Budget 2010 - The key points

Posted on: 23 June 2010 by Mark O'haire

The rate of VAT has been raised from 17.5% to 20% by Chancellor George Osborne. Tony Page analyses the knock-on effects of the Coalition’s emergency Budget.

OK folks it’s all over and we know the worse that Mr Osborne and the Coalition have to deliver to the great unwashed public – us! At first sight it has a few hidden gems - the best one being the scrapping of the pension rules that you have convert any pension into an annuity by the time you reach 75. This goes next April and good riddance to it.

Pensions will be index linked (but not to RPI but CPI instead) and they will go up automatically as the cost of living increase -another tick for this. For those of us who have the ability to make capital gains the tax rate doesn’t change unless you are in the higher tax bracket (not clear whether this is 40p in the pound or the new rate of 50p).

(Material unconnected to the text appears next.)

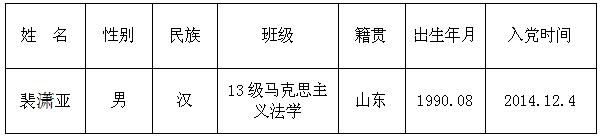 经过一年的预备考察期,经支委会讨论,准备近期召开支部大会讨论裴潇亚 同志转正事宜,现予以公示:公示期限为11月 27日—— 12月3日,如对该同学有异议,请向法政香蕉视频 辅导员办公室孙德升老师反映,或以电子或书面材料形式反馈意见。

As I foretold VAT is going  up but only to 20% and not the 21.5% I said! This is going to bring is a lump of cash to help balance the books. The range of products and services subject to VAT has not been widened as many expected. Other than VAT there are no big tax increase and ciggies, booze and fuel all slipped through the net.

Business got some help and that’s good as we need them to earn the profits to create the jobs and pay the taxes we so desperately need! To sweeten the bitter pill of VAT increase 900,000 people are going to be taken out of being taxed and will be better off to the tune of about £170 pa. Children’s allowance stays for everyone so that’s good for families and grandparents as there will be a lower need for ‘family subsidy’!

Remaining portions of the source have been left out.